Silhouettes tell stories

Trees, silhouetted

If you haven’t got a camera, paint; if you cannot paint, write.

The weekend before last, I went to the park two days in a row. On the Saturday it was achingly cold, but I didn’t notice til I’d been outside at length. Regretting not bringing a camera, I put the view to memory and wished I could paint.

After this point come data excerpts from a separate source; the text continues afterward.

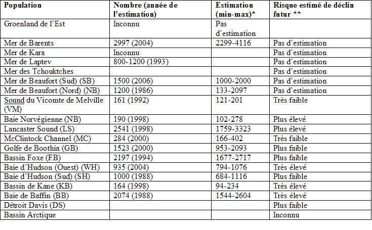 Ce tableau montre l’état des populations d’ours polaires en 2005, et a été adapté du tableau de l’état des populations tiré des Comptes-rendus de la réunion de 2005 à Seattle (Washington) du Groupe des spécialistes des ours polaires, sponsorisé par des environnementalistes. Il montre les zones de population et le nombre d’ours observés, accompagné du risque de déclin. Dans les cas de la Baie d’Hudson (Ouest) et de la Baie de Baffin, les populations d’ours polaires sont indiquées comme courant le risque d’un très fort déclin de population ; ceci est dû à une chasse non régulée par les habitants de la région, et à une vente trop importante de permis de chasse. Dans le cas de la Baie de Baffin, le problème de la chasse est aggravé par le fait que la population d’ours polaires est surveillée par deux nations différentes : le Canada et le Danemark.
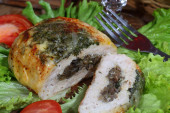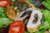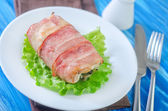 Naganiacze kurczaka w boczku przekazywane na liście sałatka ze świeżych
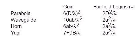 下面列出了各式天線的近似指向性(增益)和遠場邊界以供參考:

The fog was still on its extended visit; however, it had broken away from the shore and hovered, almost still, above the water, who knows how close to the other shore. As the sun crawled away behind trees and the horizon, it glowed against a ship’s bow; reflected off Belcarra’s houses and the power station up the Arm; coloured the fog. The water deemed itself a deep blue with hints of grey and purple, and as it met the fog a strong but organic line formed between the two, harmoniously, one disappearing into the other. And as the colour noticeably became fog, it moved from blue into a thick and solid but desaturated purple, then upward increasingly more pastel until it touched the sky in wisps and rolls. Behind it the sky was a pale yellow, white, eventually blue somewhere above. The fog stood out from it, blended into it, touched it and made the dark, jagged slopes in the distance disappear.

Trees, silhouetted


Trees, silhouetted

Around the curve of the inlet, another ship waited, creeping still in the fog. It had that eerie sense about it, as one might find in foggy harbours, but the detail was not lost, just faded. Its largesse made it feel close, yet the fog played with distance. A grimace washed over my serene face when a plume of dark grey smoke suddenly rose from the smokestack; so that is what goes into the air.

Trees, silhouetted

At the shore, three ducks I had never seen before — that is, their species was unfamiliar — darted through the water fetching and gobbling down fish. It seemed perhaps that they were vacationing from another place, and as I tend little to visit the park in the wintertime, it’s possible I’ve always missed them. Some are here for a fleeting time before moving on. Their heads resembled that of a woodpecker, yet they were clearly able to swim underwater so it ought to have been some kind of duck. My eldest niece who joined me enjoyed watching them, and asking if such-and-such was a fish or a whale bumping out of the water; no such luck. Soon a large, gnarly tree trunk with roots and branches floated by as if a man on a wooden bed. It was perhaps the oddest thing I’ve ever seen afloat. She was mesmerized. I was stunned by the whole view.

Trees, silhouetted

Sunday we visited again, earlier in the day so as to catch the sun. Fortunately this time I brought a camera along. I don’t see the colours some painters see in silhouetted tree branches but I see the shapes of them and the shapes and colours of the negative spaces between them. The water was incredibly still, and sparkled in the sunlight. Can you tell what it is that is my muse?